Передний поднял на него голову и остановился. Серега замер. Они испуганно и глупо смотрели друг на друга. Олень ничего не понимал. Второй, поменьше уткнулся первому в зад и тоже поднял на Серегу серую глазастую морду. У него была белая челочка на лбу. Все длилось секунды, но потом Сереге показалось, что они долго изучали друг друга. Вдруг передний как будто что-то понял, вздрогнул и быстро развернулся. Стадо, сгрудившись на мгновенье, рвануло по берегу. Серега выцелил последнего и нажал спуск. Олень упал. Остальные, толкая друг друга, обваливали песчаный откос и скрывались в тундре.
Серега сел на снег и трясущимися руками стал доставать сигареты. Его здорово колотило от чего-то и распирало от гордости. Он уже видел, как мужики подъезжают, радуются и кричат ему. Все правильно. Он сделал свое дело хорошо. И даже отлично. Его посадили сюда, и он сделал. А другой бы мог и промазать. Он считал, что и хорошая стрельба, которой он никогда не учился, и многие другие его таланты, и даже сам фарт, даны ему свыше. И этот олень, лежащий на берегу, было одним из доказательств. И он был горд и почти счастлив.

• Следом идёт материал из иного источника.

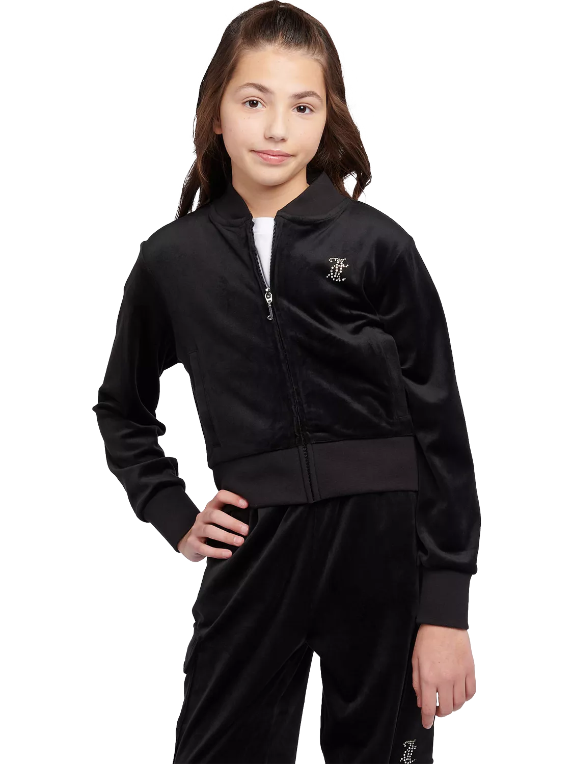 Elevate their casual wardrobe with this Juicy Couture Cropped Zip-Through Sweat. Crafted from soft velour, it offers a flattering cropped fit with a deep ribbed waistband. The sparkling diamante logo adds a touch of glamour, perfect for pairing with joggers or jeans for a chic and comfortable off-duty style.

Он посмотрел в бинокль в сторону лодки — ребята как раз спихивали ее на воду — и вдруг увидел, что по верху берегового откоса в его сторону идет одинокий олень. Олень остановился, посмотрел на лодку, потом снова повернулся в его сторону и, совершенно по-коровьи задрав голову, замычал. Серега сбежал с обрыва и пошел навстречу.
— Ну-ка, иди отсюда, — заорал он так зло, что сам испугался своего голоса, — иди!
Он угрожающе пробежал несколько шагов. Оленуха была совсем недалеко, но с места не двинулась. Он дошел до теленка. Глянул на него мельком, тот еще дергал ногой по грязи, потом на мужиков и снова побежал к оленухе, стоявшей на фоне неба.
— Уходи! — орал на ходу, — уходи!.. — и махал руками. Ему не хотелось, чтобы мужики ее увидели.
Оленуха постояла еще немного, глядя на своего теленка, и скрылась в тундре.
Лодка подъезжала. Васька сидел, мельницей растопырив руки, и улыбался. Серега стоял растерянный.
— Ну, молодца! — Мишка перевернул теленка. — То что надо. И выстрел мясной!
— Как это? — Серега взял у Васьки сигарету.
— В сердце. Все мясо целое. Давайте сюда его, — пыхтел Мишка, вытаскивая на чистое место, — чего стоите?!
Они содрали шкуру, отрубили все лишнее и погрузили. Мишка завел мотор. Лодка пошла, и все стали застегиваться. Красное парное мясо богато лежало на носу и обдувалось встречным ветром.
— Смотри, что! Тучи с севера прут. Утром чисто было, — сказал Мишка будто самому себе. — Ты что мрачный, Серега! Ты же печенки хотел!
Серега молчал. «Нормально все, — думал, — если бы эта дура не вылезла, вообще все нормально было бы».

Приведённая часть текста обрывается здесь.